─── Stored data ───
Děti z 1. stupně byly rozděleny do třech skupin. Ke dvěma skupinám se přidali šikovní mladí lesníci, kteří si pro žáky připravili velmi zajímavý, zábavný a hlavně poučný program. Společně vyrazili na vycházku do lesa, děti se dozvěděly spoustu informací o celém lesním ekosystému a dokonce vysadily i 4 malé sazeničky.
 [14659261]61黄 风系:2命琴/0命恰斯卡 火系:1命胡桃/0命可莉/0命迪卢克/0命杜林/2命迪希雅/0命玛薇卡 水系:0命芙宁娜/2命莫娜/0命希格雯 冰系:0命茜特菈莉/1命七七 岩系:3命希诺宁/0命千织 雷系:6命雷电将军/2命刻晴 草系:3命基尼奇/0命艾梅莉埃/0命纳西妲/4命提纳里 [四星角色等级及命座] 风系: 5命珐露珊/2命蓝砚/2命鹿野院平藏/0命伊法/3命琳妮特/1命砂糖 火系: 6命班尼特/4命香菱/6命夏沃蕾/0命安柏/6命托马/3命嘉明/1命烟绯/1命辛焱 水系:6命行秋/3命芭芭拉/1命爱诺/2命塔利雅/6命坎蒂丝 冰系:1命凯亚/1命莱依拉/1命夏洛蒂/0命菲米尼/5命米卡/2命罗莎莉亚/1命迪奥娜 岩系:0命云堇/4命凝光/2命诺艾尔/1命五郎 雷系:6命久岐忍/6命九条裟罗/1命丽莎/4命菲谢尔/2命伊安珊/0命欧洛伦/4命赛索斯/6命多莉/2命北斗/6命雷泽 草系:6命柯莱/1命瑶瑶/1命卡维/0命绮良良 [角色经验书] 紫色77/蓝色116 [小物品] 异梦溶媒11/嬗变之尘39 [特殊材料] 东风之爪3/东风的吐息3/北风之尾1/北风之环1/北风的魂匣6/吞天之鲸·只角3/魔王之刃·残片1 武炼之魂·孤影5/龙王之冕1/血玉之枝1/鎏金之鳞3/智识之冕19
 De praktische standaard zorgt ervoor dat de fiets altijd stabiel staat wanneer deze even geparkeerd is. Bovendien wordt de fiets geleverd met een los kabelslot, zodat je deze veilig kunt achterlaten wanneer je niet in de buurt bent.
───
Task details:
In the answer, please give only the lines from the line containing "[14659261]61黄 风系:2命琴/0命恰斯卡 火系:1命胡桃/0命可莉/0命迪卢克/0命杜林/2命迪希雅/0命玛薇卡" through the final line of the data, copied exactly.

Answer to the exercise:
 [14659261]61黄 风系:2命琴/0命恰斯卡 火系:1命胡桃/0命可莉/0命迪卢克/0命杜林/2命迪希雅/0命玛薇卡 水系:0命芙宁娜/2命莫娜/0命希格雯 冰系:0命茜特菈莉/1命七七 岩系:3命希诺宁/0命千织 雷系:6命雷电将军/2命刻晴 草系:3命基尼奇/0命艾梅莉埃/0命纳西妲/4命提纳里 [四星角色等级及命座] 风系: 5命珐露珊/2命蓝砚/2命鹿野院平藏/0命伊法/3命琳妮特/1命砂糖 火系: 6命班尼特/4命香菱/6命夏沃蕾/0命安柏/6命托马/3命嘉明/1命烟绯/1命辛焱 水系:6命行秋/3命芭芭拉/1命爱诺/2命塔利雅/6命坎蒂丝 冰系:1命凯亚/1命莱依拉/1命夏洛蒂/0命菲米尼/5命米卡/2命罗莎莉亚/1命迪奥娜 岩系:0命云堇/4命凝光/2命诺艾尔/1命五郎 雷系:6命久岐忍/6命九条裟罗/1命丽莎/4命菲谢尔/2命伊安珊/0命欧洛伦/4命赛索斯/6命多莉/2命北斗/6命雷泽 草系:6命柯莱/1命瑶瑶/1命卡维/0命绮良良 [角色经验书] 紫色77/蓝色116 [小物品] 异梦溶媒11/嬗变之尘39 [特殊材料] 东风之爪3/东风的吐息3/北风之尾1/北风之环1/北风的魂匣6/吞天之鲸·只角3/魔王之刃·残片1 武炼之魂·孤影5/龙王之冕1/血玉之枝1/鎏金之鳞3/智识之冕19
 De praktische standaard zorgt ervoor dat de fiets altijd stabiel staat wanneer deze even geparkeerd is. Bovendien wordt de fiets geleverd met een los kabelslot, zodat je deze veilig kunt achterlaten wanneer je niet in de buurt bent.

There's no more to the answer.